BEER, bêr, GEORG: German Lutheran; b. at Schweidnitz (31 m. s.w. of Breslau) Nov. 12, 1865. He studied in Berlin and Leipsic (Ph.D., 1887), taught in Erbach 1889-91, and became privat-docent at Breslau in 1892. Two years later he went in the same capacity to Halle, and in 1900 to Strasburg as associate professor of the Old Testament. Became ordinary professor of Old Testament at Heidelberg, 1909. He has written Al-Gazzâli's Makâsid al-falâsifat, i, die Logik (Leyden, 1888); Individualund Gemeinde-psalmen (Marburg, 1894); and Der Text des Buches Hiob untersucht (1897); besides preparing the translation of the Martyrdom of Isaiah and of the Book of Enoch for E. Kautzsch's Apokryphen und Pseudepigraphen des Alten Testaments (Tübingen, 1900).
BEER, RUDOLF: German Protestant; b. at Bielitz (40 m. w.s.w. of Cracow) Dec. 5, 1863. He was educated at the universities of Vienna and Bonn, and since 1893 has been reader in Spanish at the latter university, as well as a custodian at the Imperial and Royal Library at Vienna since 1888. He is a collaborator on the Vienna Corpus patrum ecclesiasticorum latinorum. In theology he advocates "the scientific investigation of Christian revelation." Among his works special mention may be made of his Die Anecdota Borderiana Augustineischer Sermonen (Vienna, 1887); Heilige Höhen der Griechen und Römer (1891); Die Quellen für den liber diurnus concilii Basiliensis des Petrus Bruneti (1891); and Urkundliche Beiträge zu Johannes de Segovia (1896); in addition to editions of Wyclif's De compositione hominis (London, 1887); and De ente prœdicamentali quœstiones tredecim (1891), and of the Monumenta conciliorum generalium (3 vols., Vienna, 1892-96).

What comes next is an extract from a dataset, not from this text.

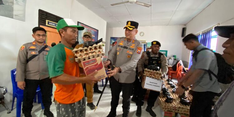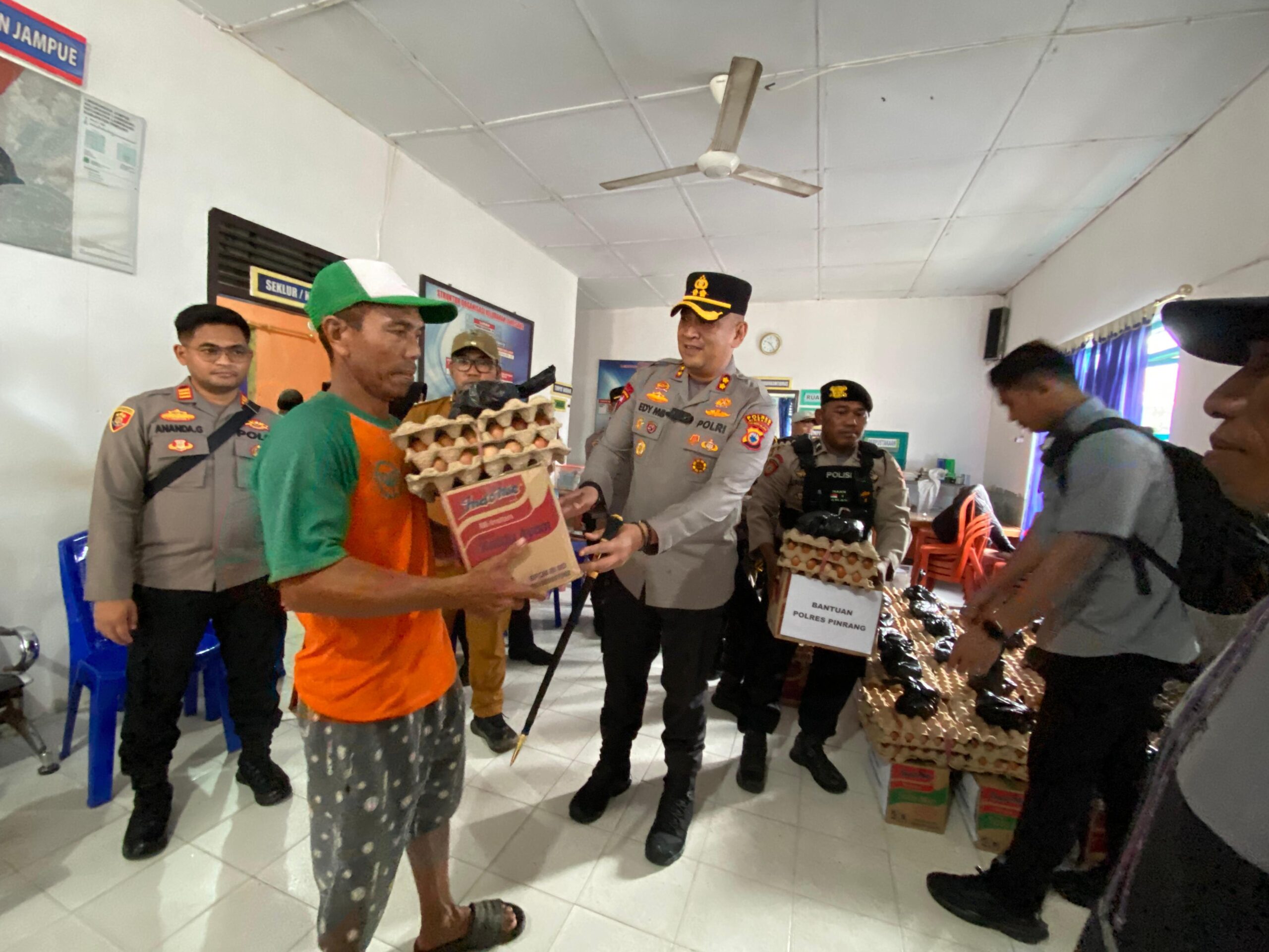 Sebagai wujud kepedulian, Kapolres Pinrang menyerahkan bantuan sembako secara simbolis berupa ikan sarden, telur, dan mi instan kepada warga. Usai penyerahan bantuan di Kantor Kelurahan Lanrisang, rombongan Kapolres melanjutkan peninjauan langsung ke rumah-rumah warga di Lingkungan Kassie yang terdampak bencana angin puting beliung. (MPJ)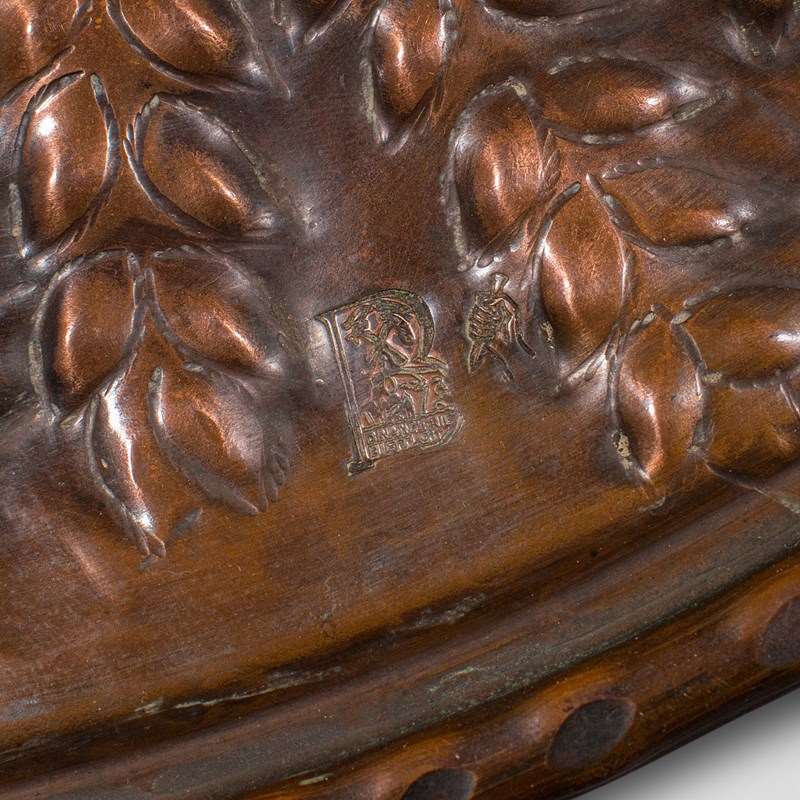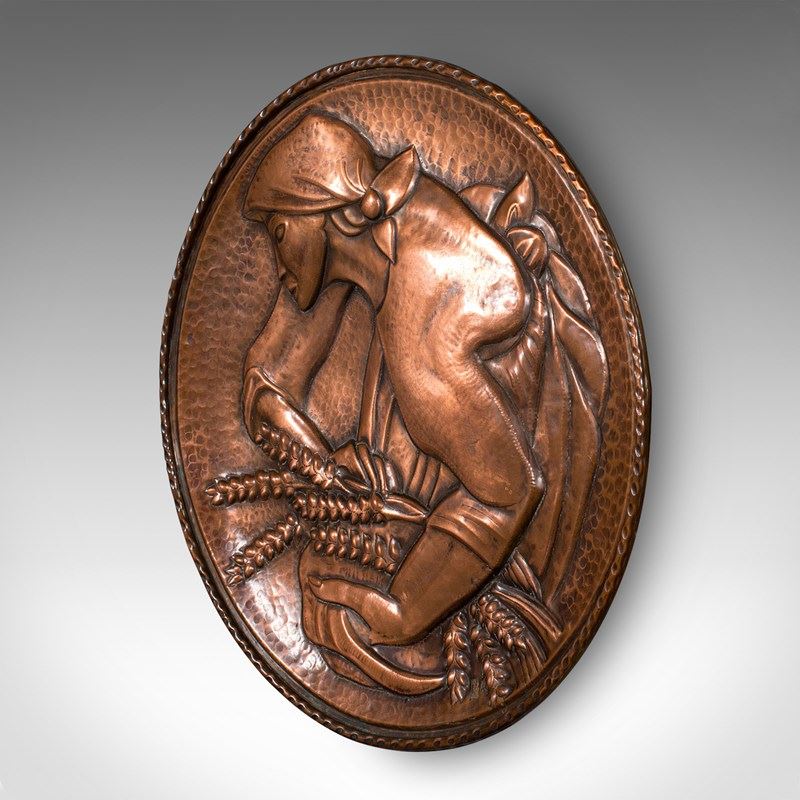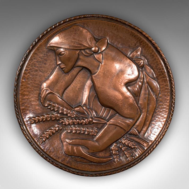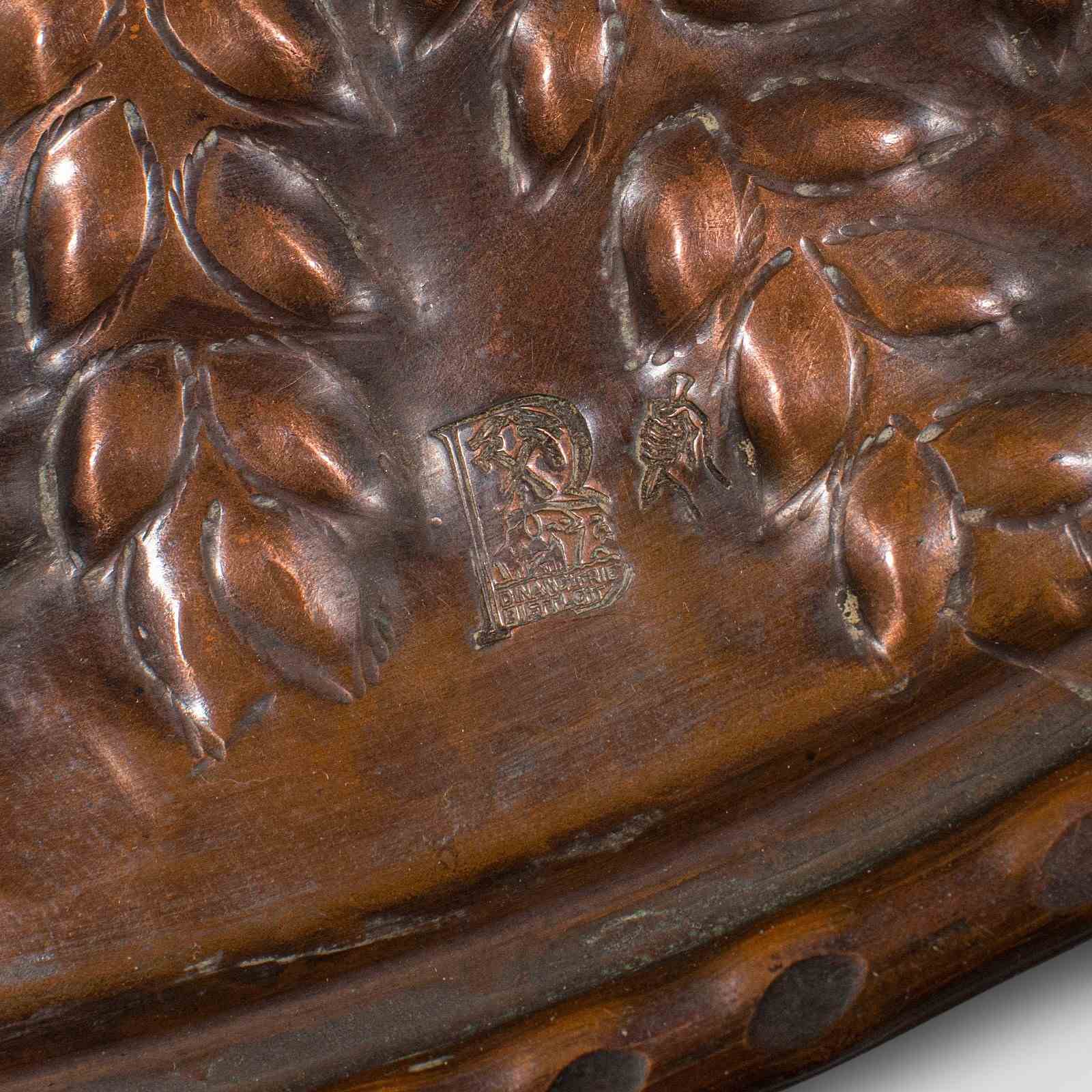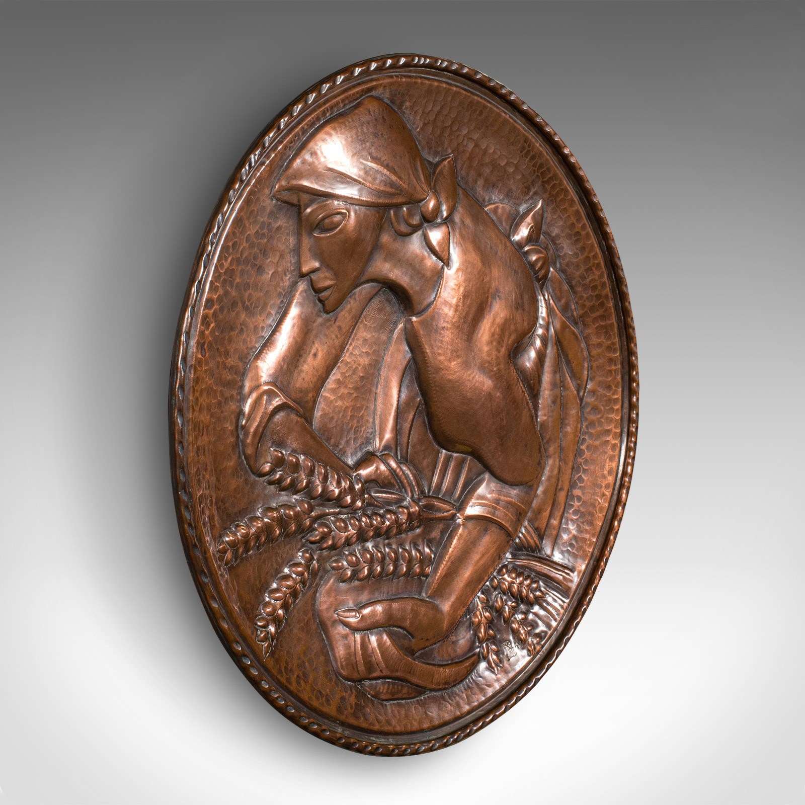Large Vintage Relief Charger, Belgian, Hand Beaten Copper, Harvest Tray, C.1930

BEET, bît, JOSEPH AGAR: English Wesleyan;
b. at Sheffield Sept. 27, 1840. He attended Wesley
College, Sheffield (1851-56), and took up mining
engineering, but afterward studied theology at the
Wesleyan College, Richmond (1862-64). He was
pastor 1864-85 and professor of systematic theology in Wesleyan College, Richmond, 1885-1905.

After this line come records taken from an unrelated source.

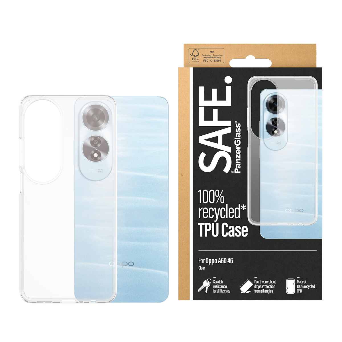 PanzerGlass SAFE. by ® TPU Case Transparent Oppo A60 4G, Hoes, OPPO, OPPO - A60 4G, Transparant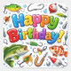 Colorful "Happy Birthday" text surrounded by fishing-themed items like hooks, fish, and bobbers, featuring a cheerful and playful design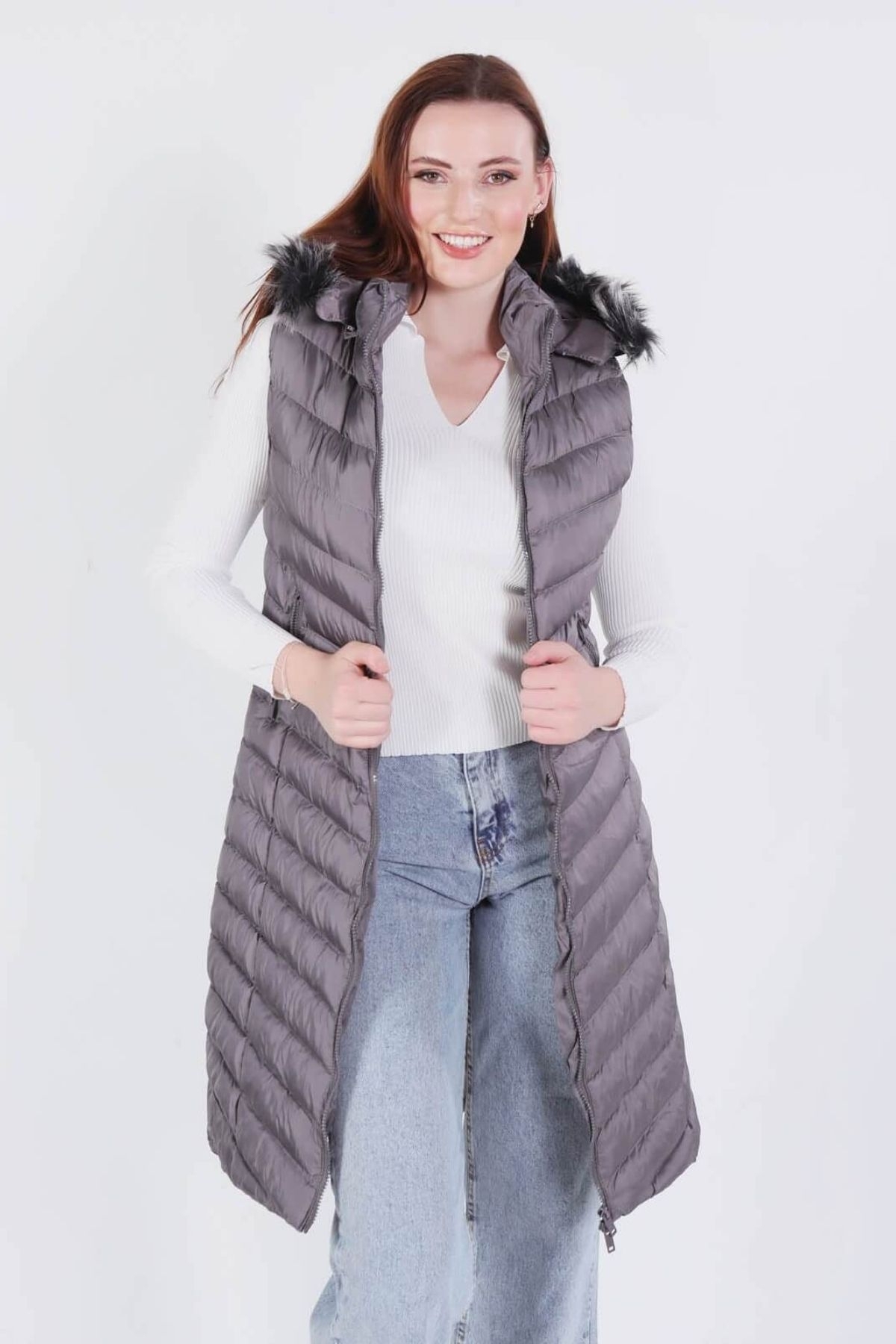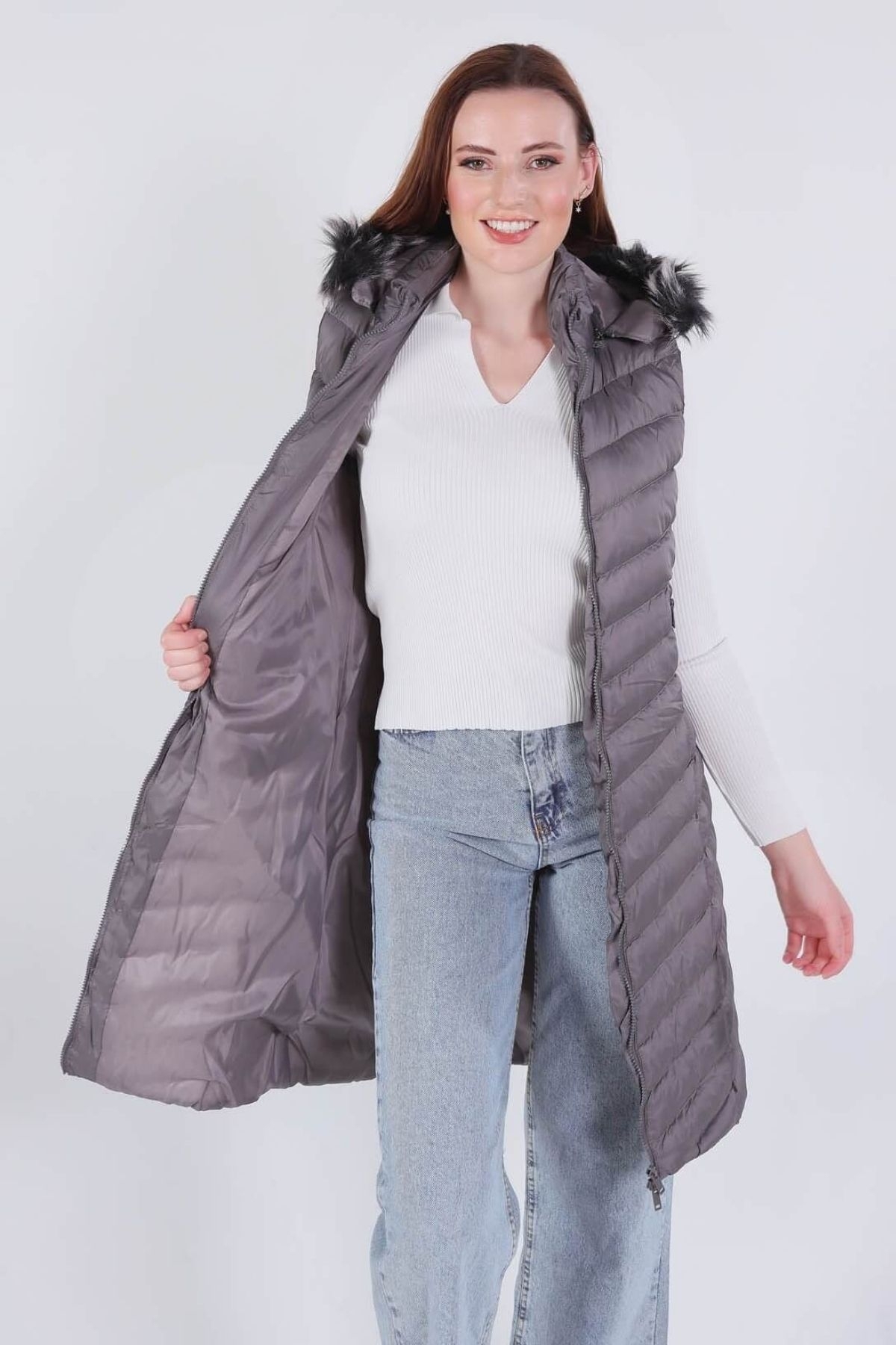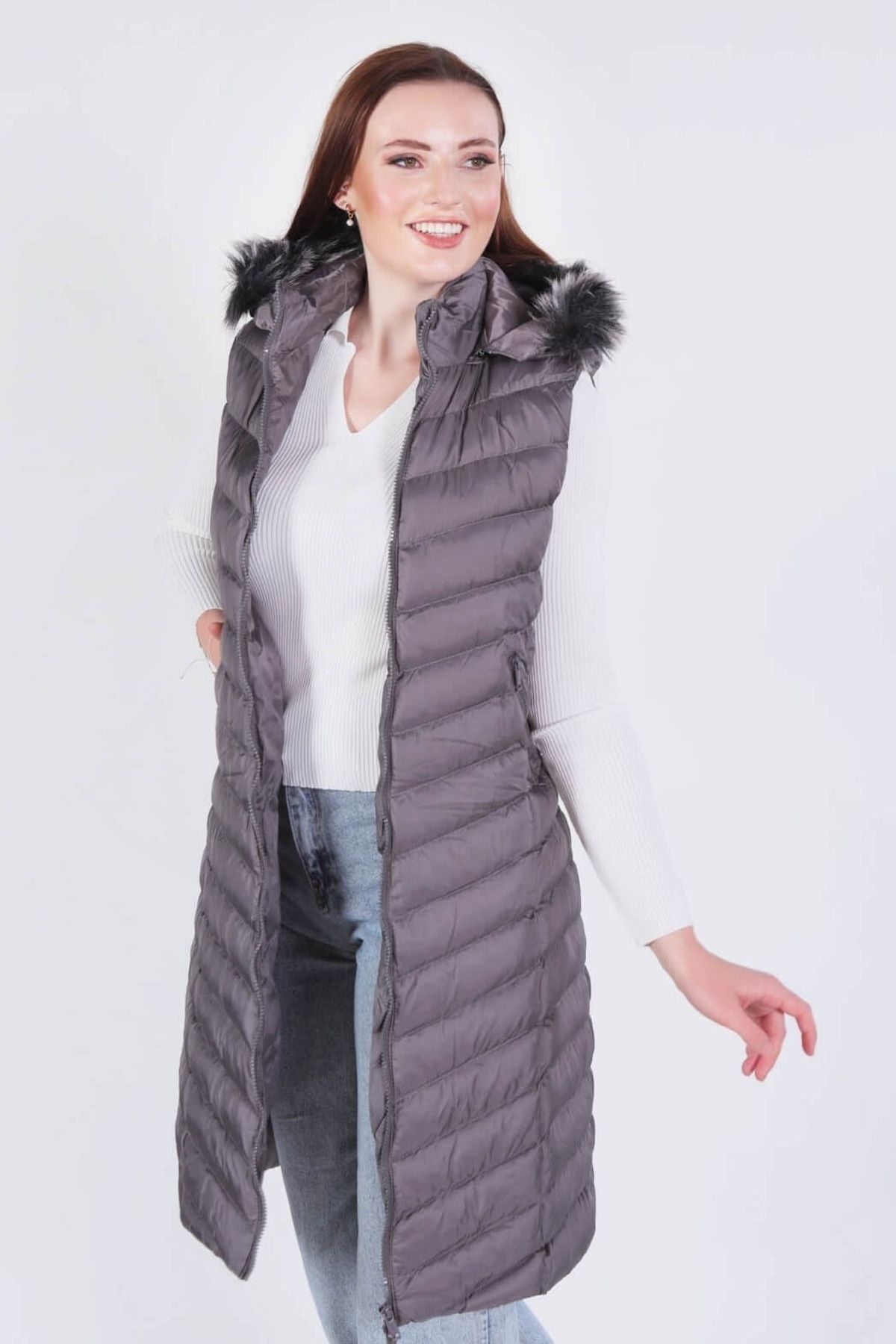 Gri Kapüşonlu Cepli Yelek 1025

He was also a member of the faculty of theology
in the University of London 1901-05. He delivered the Fernley Lecture on
The Credentials of the Gospels in 1889, and lectured in America in 1896.

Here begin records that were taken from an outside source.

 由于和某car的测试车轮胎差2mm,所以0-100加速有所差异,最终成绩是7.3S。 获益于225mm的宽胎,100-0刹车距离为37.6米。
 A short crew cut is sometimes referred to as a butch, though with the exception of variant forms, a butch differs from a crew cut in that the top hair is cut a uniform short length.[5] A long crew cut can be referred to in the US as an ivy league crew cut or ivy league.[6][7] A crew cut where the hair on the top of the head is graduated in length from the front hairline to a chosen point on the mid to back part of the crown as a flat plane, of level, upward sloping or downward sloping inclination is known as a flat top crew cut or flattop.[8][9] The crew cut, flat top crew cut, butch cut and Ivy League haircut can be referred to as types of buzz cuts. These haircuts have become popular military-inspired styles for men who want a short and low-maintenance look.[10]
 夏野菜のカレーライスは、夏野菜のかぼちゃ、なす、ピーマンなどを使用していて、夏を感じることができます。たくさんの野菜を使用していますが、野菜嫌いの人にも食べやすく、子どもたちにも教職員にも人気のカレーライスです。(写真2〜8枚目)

Though long recognized as one of the ablest theologians and exegetes of his denomination, his
sympathy with the modern critical school of interpretation and particularly his views on eschatology
have occasioned much criticism. In The Last Things
(London, 1897; 2d ed., 1905) he opposed
the belief that the essential and endless permanence
of the soul is taught in the Bible and denied that
eternal punishment necessarily means endless torment, holding that the sinner may suffer a relative
annihilation of his mental and moral faculties and
sink into a dehumanized state. He reiterated these views in
The Immortality of the soul (1901). Charges
of heresy were brought against him at the Conference of 1902, but he was reelected to his professorship on condition that he refrain from expressing his opinions on immortality and future punishment. To regain liberty of speech in 1904 he gave
notice that he would retire from his chair in twelve
months. His other works are: Commentary on Romans
(London, 1877); Holiness as Understood by the Critics of the Bible (1880); Commentary on
Corinthians (1881); Commentary on Galatians
27
(1883); Commentary on Ephesians, Philippians, Colossians, and Philemon (1890); Through Christ to
God (1892); The Firm Foundation of the Christian
Faith (1892); The New Life in Christ (1895);
Nature and Christ (New York, 1896); Key to Unlock the Bible (1901); Transfiguration of Jesus
(1905); and Manual of Theology (1906).